■ Records provided

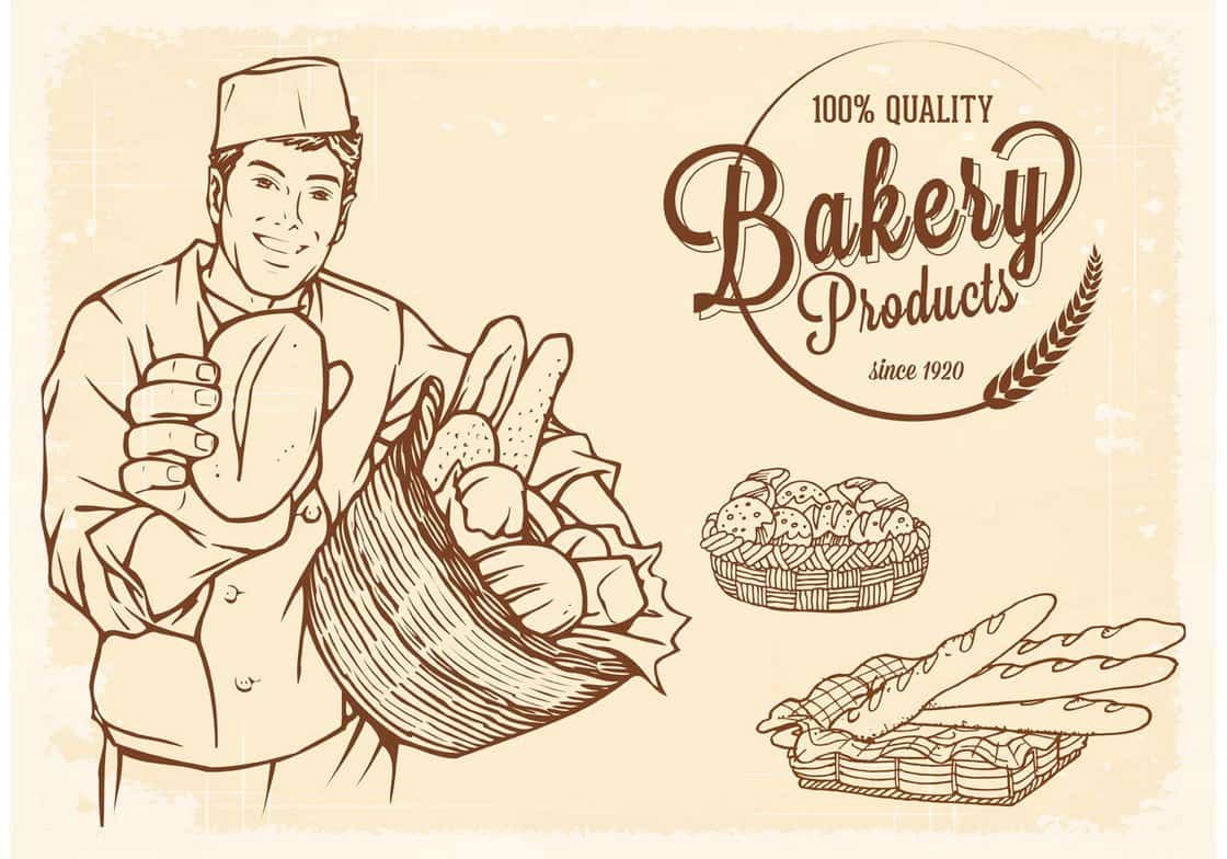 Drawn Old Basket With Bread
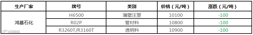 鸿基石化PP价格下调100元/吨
==
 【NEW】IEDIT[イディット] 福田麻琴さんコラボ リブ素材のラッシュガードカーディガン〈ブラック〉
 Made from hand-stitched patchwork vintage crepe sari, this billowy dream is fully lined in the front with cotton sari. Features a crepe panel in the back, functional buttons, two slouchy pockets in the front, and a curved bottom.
--
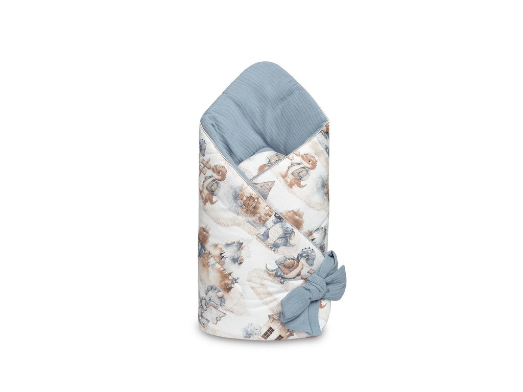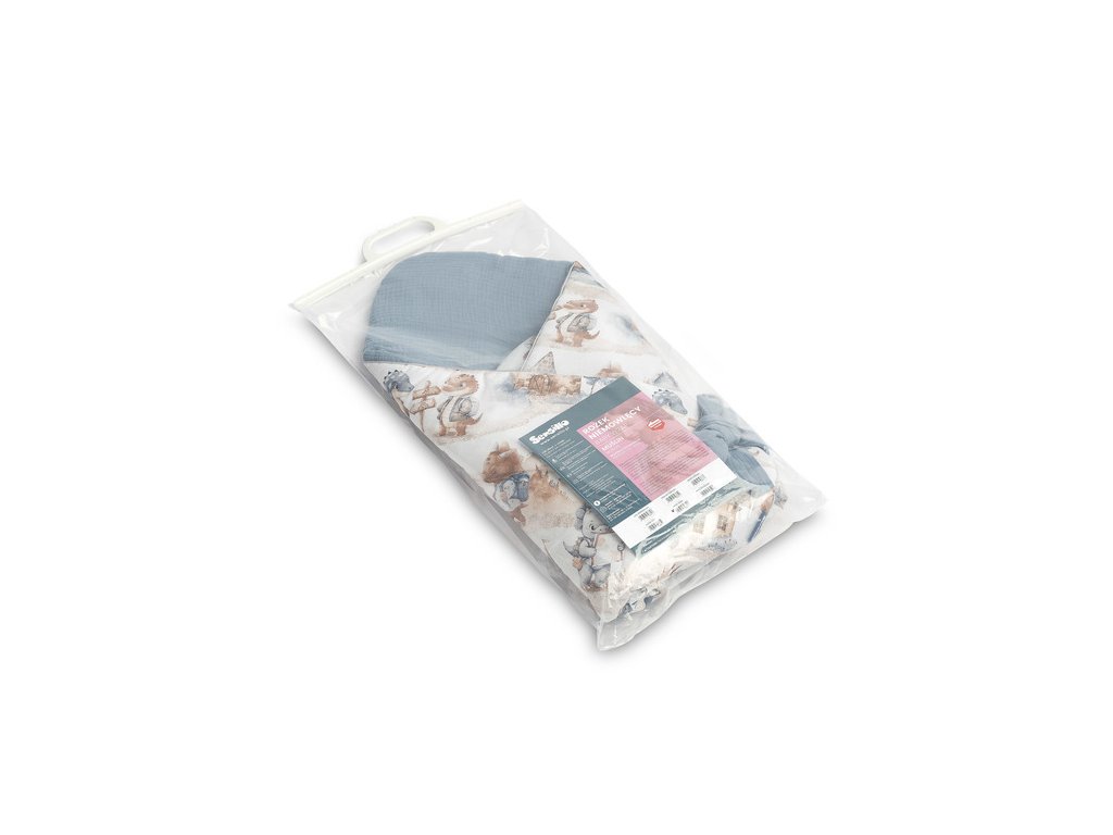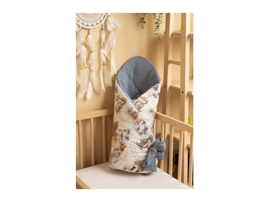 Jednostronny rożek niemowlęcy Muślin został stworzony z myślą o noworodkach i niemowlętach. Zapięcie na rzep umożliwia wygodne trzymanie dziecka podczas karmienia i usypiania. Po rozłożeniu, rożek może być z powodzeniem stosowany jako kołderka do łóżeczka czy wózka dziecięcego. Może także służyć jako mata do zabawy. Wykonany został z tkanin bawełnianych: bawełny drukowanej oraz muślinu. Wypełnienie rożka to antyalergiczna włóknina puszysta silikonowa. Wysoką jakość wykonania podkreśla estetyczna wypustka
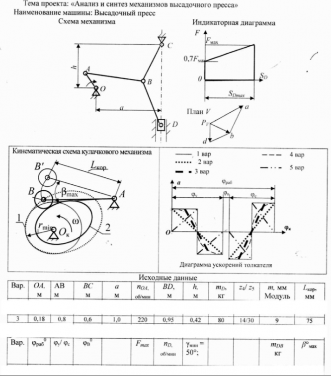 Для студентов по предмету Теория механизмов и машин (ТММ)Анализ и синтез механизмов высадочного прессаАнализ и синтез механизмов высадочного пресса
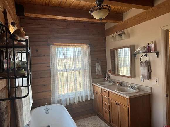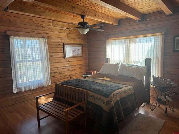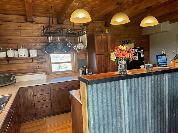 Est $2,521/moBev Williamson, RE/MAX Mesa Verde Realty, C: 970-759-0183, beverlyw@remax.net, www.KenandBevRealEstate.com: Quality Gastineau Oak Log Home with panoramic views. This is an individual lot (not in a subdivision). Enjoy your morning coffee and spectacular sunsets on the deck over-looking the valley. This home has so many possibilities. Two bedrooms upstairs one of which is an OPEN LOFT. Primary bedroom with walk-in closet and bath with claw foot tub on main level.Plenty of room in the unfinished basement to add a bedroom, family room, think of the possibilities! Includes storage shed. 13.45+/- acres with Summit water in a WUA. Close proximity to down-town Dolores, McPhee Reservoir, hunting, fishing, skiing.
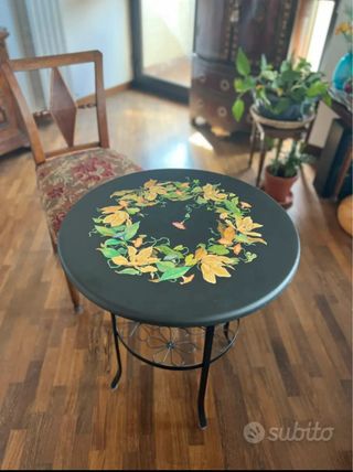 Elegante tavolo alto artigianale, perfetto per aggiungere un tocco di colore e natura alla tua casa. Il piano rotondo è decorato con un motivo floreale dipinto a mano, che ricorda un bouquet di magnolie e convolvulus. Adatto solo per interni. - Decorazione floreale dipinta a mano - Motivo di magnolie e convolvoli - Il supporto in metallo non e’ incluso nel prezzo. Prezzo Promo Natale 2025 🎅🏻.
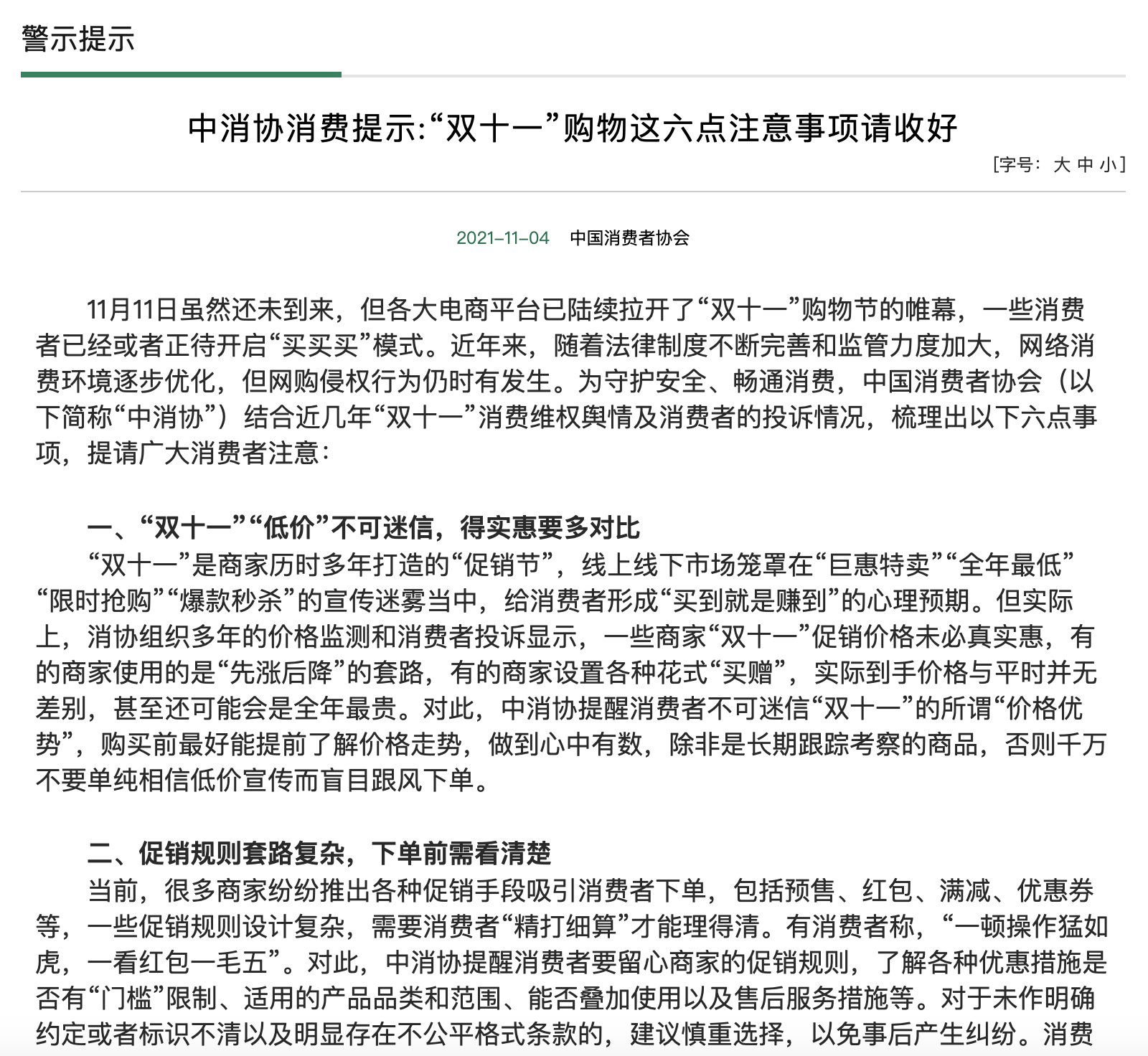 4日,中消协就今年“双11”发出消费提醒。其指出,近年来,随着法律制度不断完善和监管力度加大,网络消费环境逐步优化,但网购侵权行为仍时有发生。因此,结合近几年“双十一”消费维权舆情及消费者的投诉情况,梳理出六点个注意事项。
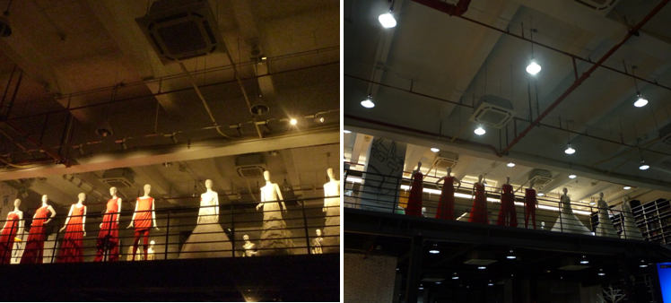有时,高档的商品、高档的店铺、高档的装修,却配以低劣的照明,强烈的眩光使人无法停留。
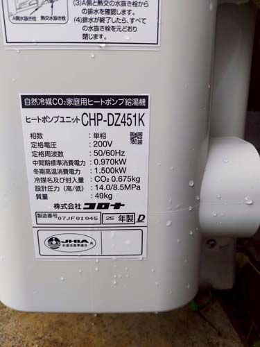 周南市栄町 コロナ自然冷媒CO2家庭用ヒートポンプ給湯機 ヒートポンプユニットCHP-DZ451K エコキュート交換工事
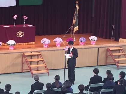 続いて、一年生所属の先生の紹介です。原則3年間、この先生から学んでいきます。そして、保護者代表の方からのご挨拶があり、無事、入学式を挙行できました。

■ What is needed
In the listing above, the required lines run from the line with "周南市栄町 コロナ自然冷媒CO2家庭用ヒートポンプ給湯機 ヒートポンプユニットCHP-DZ451K" through the line with "続いて、一年生所属の先生の紹". Output exactly those lines, omitting pictures.

■ Task response
 周南市栄町 コロナ自然冷媒CO2家庭用ヒートポンプ給湯機 ヒートポンプユニットCHP-DZ451K エコキュート交換工事
 続いて、一年生所属の先生の紹介です。原則3年間、この先生から学んでいきます。そして、保護者代表の方からのご挨拶があり、無事、入学式を挙行できました。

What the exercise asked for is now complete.